(77c) Synthetic Aviation Fuel from Co-HTL of Anaerobic Digestion-Derived Biosolids and Wastewater-Grown Algae: A Combined Experimental Study and Techno-Economic Assessment

Water resource recovery facilities (WRRFs) provide a unique opportunity to produce synthetic aviation fuel (SAF) from cost-advantaged feedstocks. The nutrient-rich wastewater (WW) serves as an excellent medium for microalgae growth, which helps in nutrient removal and meet effluent discharge limits. Algal biomass can be used to generate biocrude using hydrothermal liquefaction (HTL), which can then be easily upgraded to SAF. However, algal cultivation alone is not sufficient to provide biomass for fuel production and is often recommended to blend with other feedstocks to increase scale and to make biocrude cost-competitive with conventional fuel.¹ Biosolids are the nutrient-rich organic materials resulting from anaerobic digestion (AD) of wet sludge and are often disposed of in landfills.

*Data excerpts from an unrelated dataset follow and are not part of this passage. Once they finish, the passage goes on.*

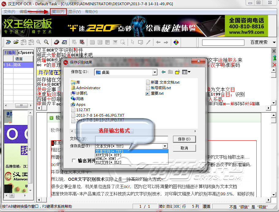 5.点击上边按钮"输出",保存即可!
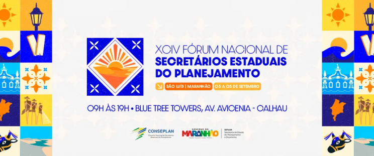 No período de 3 a 5 de setembro, a capital maranhense será sede da 94ª edição do Fórum Nacional de Secretários Estaduais do Planejamento, que reunirá os membros do Conselho Nacional de Secretários Estaduais do Planejamento (Conseplan), entidade formada pelos titulares das Secretarias de Planejamento dos Estados, Distrito Federal e dos órgãos correlatos.
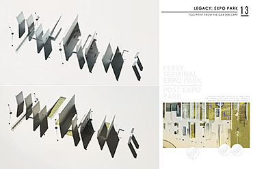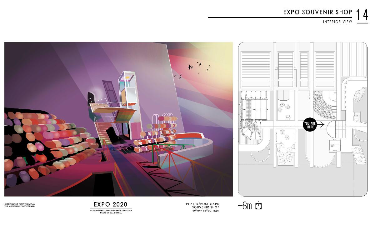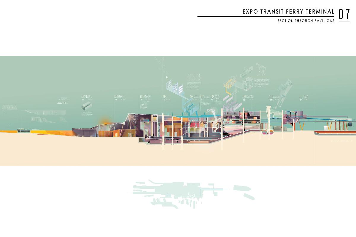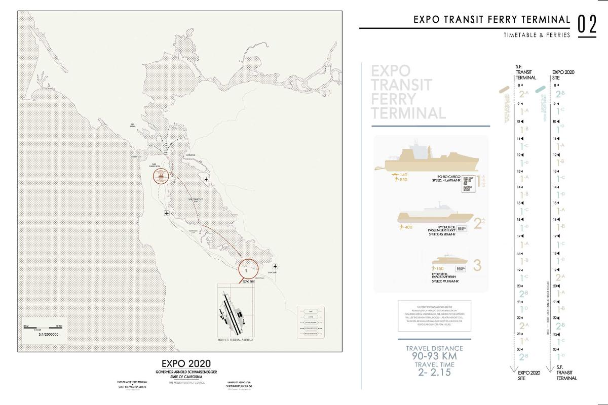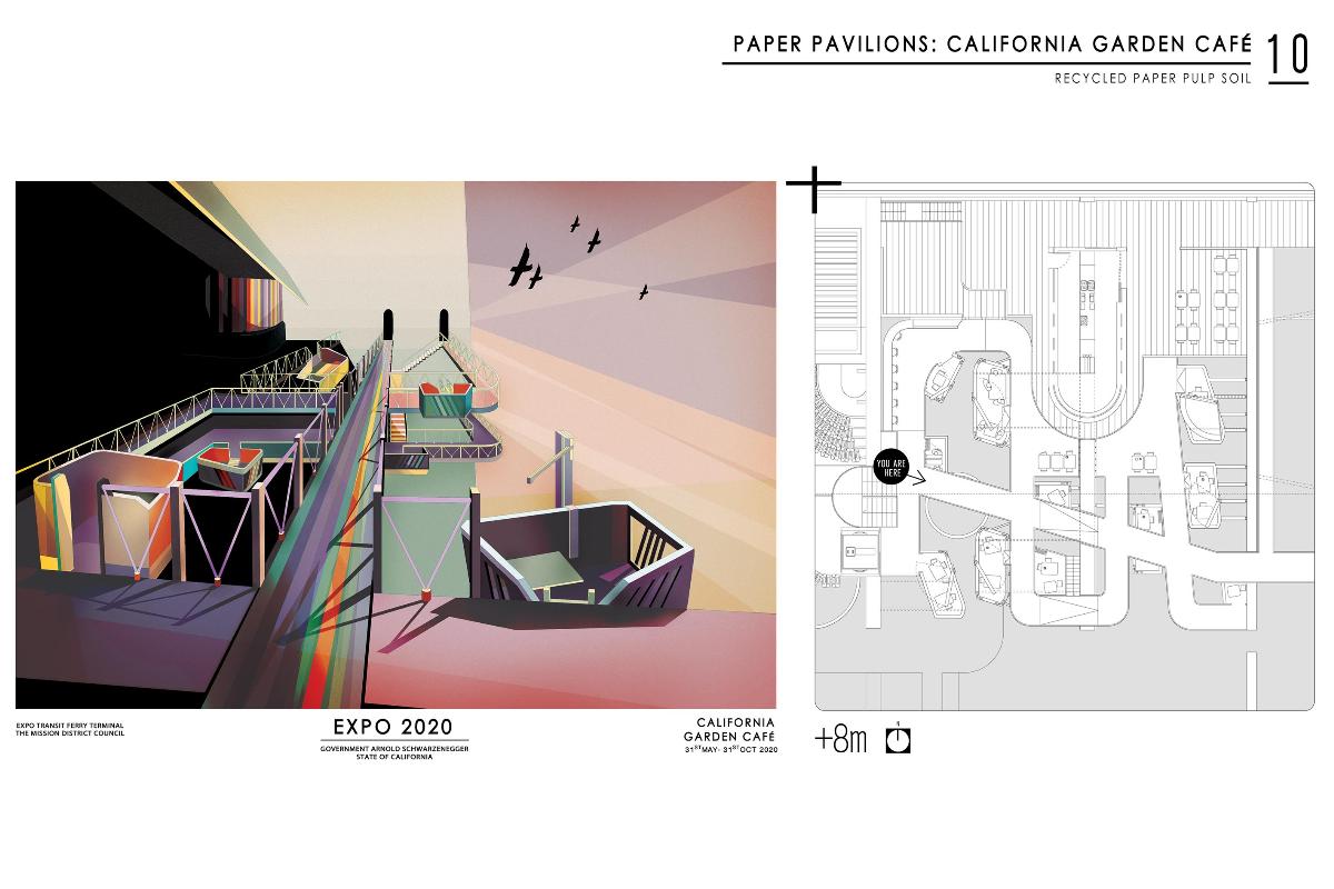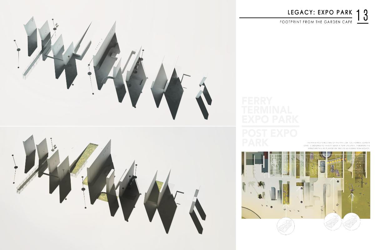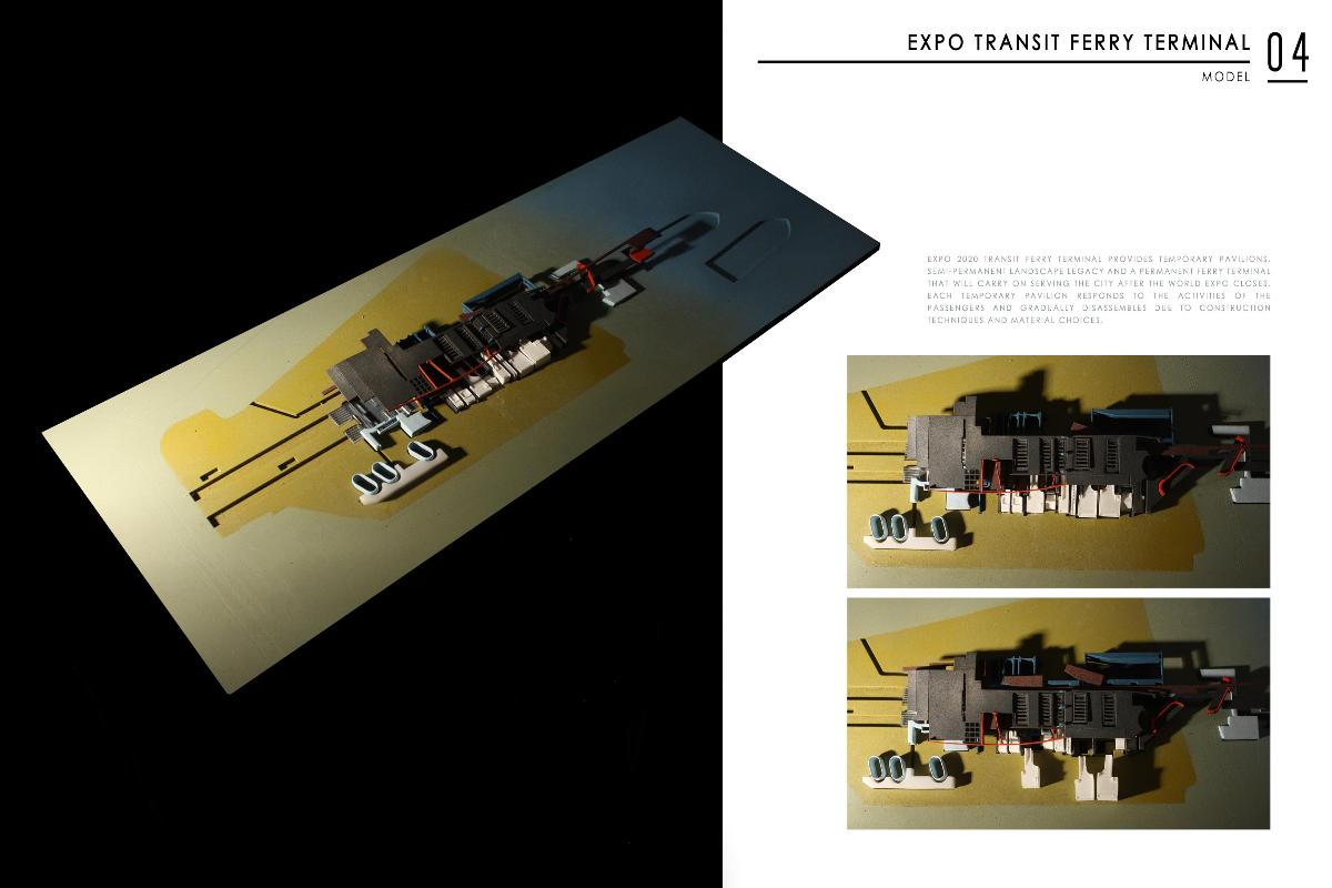 EXPO[SÉ]: S.F. Expo 2020 Transit Ferry Terminal Part 1 Project 2012 Brook [T.J.] Lin The Bartlett School of Architecture, UCL | UK In 2020 Silicon Valley had hoped to hold an International Exposition, which would have been the third such event in the San Francisco area’s lifetime. The Bay Area is now investigating an application for Expo 2025.An international event series held in the interest of promoting national assets; technological, cultural and economic, the built construct of the Expo has historically provided a playground for architectural innovation; the individual pavilions of the fair exemplars of experimental and speculative systems for the built environment. The fair exists in a dichotomy - temporary pavilions embody proposals for lasting progression, bringing into question the notion of the event, and its legacy.In response to the sudden surge in demand on the city’s transportation infrastructure, the project proposes a Ferry Terminal for the anticipated Silicon Valley Expo 2020, serving visitors travelling from the east coast of the Bay Area to the proposed site in Moffett Federal Airfield. The building experiences two conditions; providing temporary pavilions and a semi-permanent landscape for tourists in the spirit of the fair during the 6 month Expo period, woven throughout a permanent ferry terminal, a lasting intervention in the city following the events closure. Each temporary pavilion responds to the influx of passengers, gradually transforming and eventually disassembling as the event draws to a close - the inevitable temporality of the event intrinsic to way people engage with it and its materiality.Driven by experimentation with plentiful and easily attainable short-lifespan materials, such as cardboard and paper, and playful interpretations of temporary construction techniques, the building proposes an alternative to the wasteful and inefficient use of unsustainable materials typical of the Expo. Its considered breakdown into component parts begins a process of reassembly and re-application for the sites post-Expo life as the momentary hysteria of the event passes and the building settles into the urban fabric of San Francisco. Tutor(s) Ms Ana Monrabal-Cook Luke Pearson

HTL of biosolids can serve as a great resource for biocrude generation and eliminate the need for transportation to landfills. Here, we report SAF production pathway from co-HTL of WW-grown algae and AD biosolids. Co-HTL of WW-grown algae with biosolids can increase the biomass availability for HTL resulting in increased biocrude production. Several blends of biosolids and WW-grown algae were processed via HTL. The obtained biocrude from the above process was then hydrotreated to form upgraded fuel. The key properties of SAF cut were analyzed using a low-volume testing methodology. Initial results indicate that the physical and chemical properties of SAF meet the specification for conventional jet-fuel.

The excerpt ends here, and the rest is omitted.